RECORDS SHOWN Start Marker
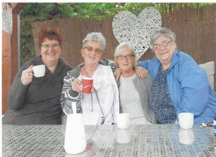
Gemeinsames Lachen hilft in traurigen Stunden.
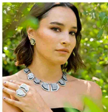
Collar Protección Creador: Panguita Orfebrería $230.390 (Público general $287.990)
RECORDS SHOWN End Marker
RECORDS SHOWN Start Marker
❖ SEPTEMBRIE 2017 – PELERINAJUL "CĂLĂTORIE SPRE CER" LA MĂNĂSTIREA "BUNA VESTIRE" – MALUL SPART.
RECORDS SHOWN End Marker
# WORK TO COMPLETE:
Where a picture appears in the records above, omit it, and transcribe exactly the stretch of lines from the one with "Gemeinsames Lachen hilft" through the one with "Collar Protección Creador: Panguita".

# RESPONSE BELOW:
Gemeinsames Lachen hilft in traurigen Stunden.
Collar Protección Creador: Panguita Orfebrería $230.390 (Público general $287.990)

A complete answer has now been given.